Call me a fanboy or whatever, but after 20 years my loyalty is secure.
posted by fourcheesemac at 6:01 AM on June 19, 2010 [4 favorites]


Also, do any other Mac users go absolutely fucking batty with trying to use PC trackpads?

Seriously. Haters are gonna hate, and whatever, but as far as I'm concerned a machine without a multitouch trackpad might as well not have a screen. Going back to using PC trackpads is infuriating; I might as well be wearing oven mitts. The Multitouch trackpad, like the iPhone, like Tivo or owning a dishwasher, you might like it a little or a lot, you might think it's rough around the edges in some places, but you are absolutely not going back to not having them if you've got any say in the matter.

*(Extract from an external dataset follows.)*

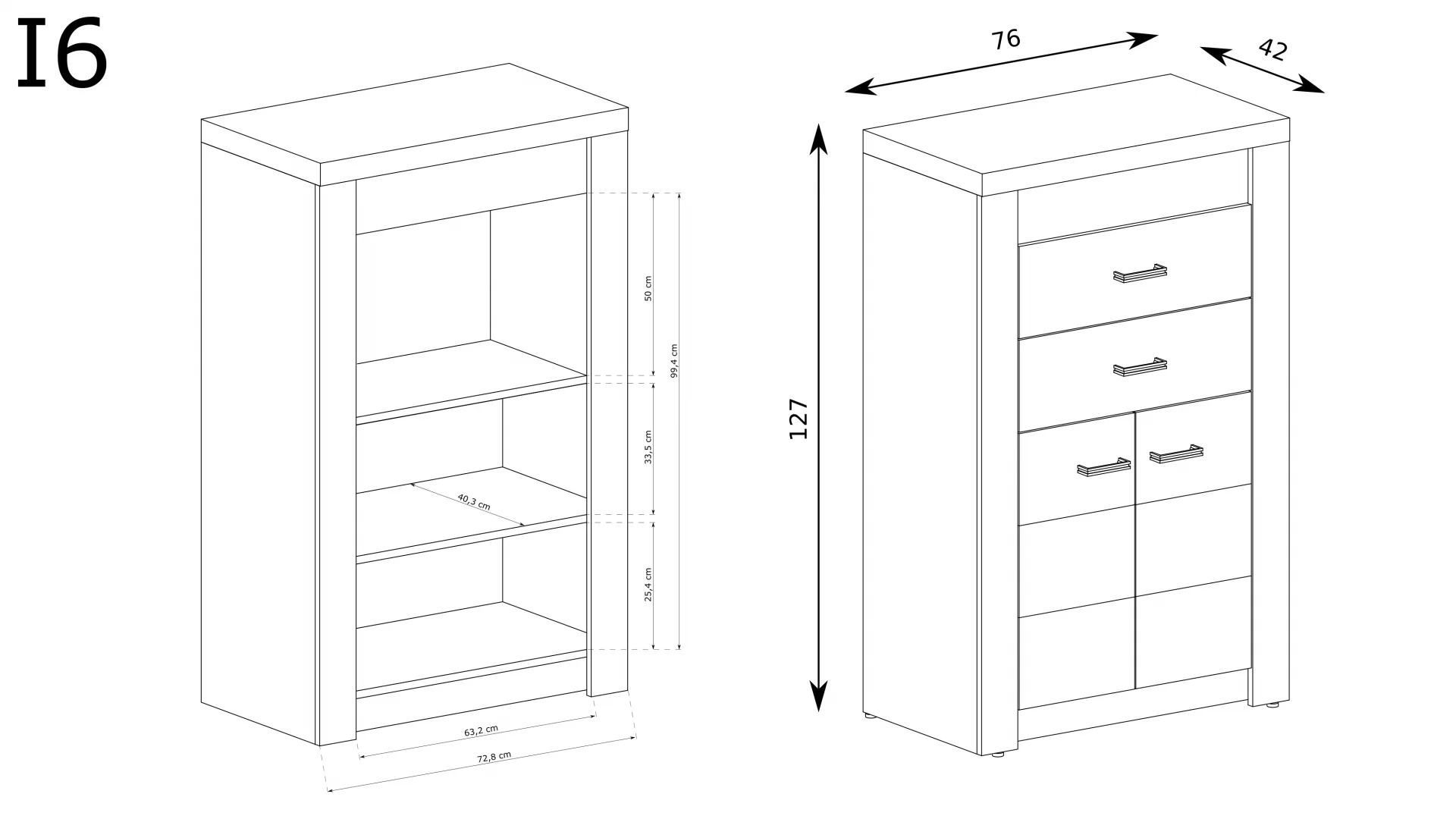 Tato komoda o výšce 127 cm má dvoukřídlé dveře s úložnou policí, která prostor dělí na polovinu, což umožňuje 100% využití prostoru. Komoda má dvě zásuvky, každá se otevírá krásnými kovovými úchyty. Volitelná LED horní deska dále umocňuje vzhled komoda. K dispozici ve třech barvách.

Macs are expensive in the same way cheap hardware is inexpensive and Linux is free: it's only true if your time and attention have a dollar value of zero.
posted by mhoye at 6:01 AM on June 19, 2010 [4 favorites]


Regardless of the quality of the comic and lack of any fresh insight, what's horrifying to me is that this is exactly the mindset that Apple (and others hoping to capture a share of the brand/cult's marketing magic) is trying to create among their audience.

Without naming names, once an editor/founder of a gadget/bling blog pointed to my old digital camera and said it was high time I got something shiny/new instead of that old thing. I said it still worked fine but his response gave me food for thought in that the point wasn't that it could still do its job but that it was out of style.

As someone who believes we've come to the end of the 'consumption/consumerism/new and improved' pattern as the only path forward or the best/right approach, this comic exemplifies the essence of mainstream consumer culture conditioning that has been going on for some three generations now.

But yeah, there does seem to be a--maybe not large, but at least vocal--demographic that just lusts after new hardware. Why? Computers are tools. Use them until they wear out or stop doing what you need.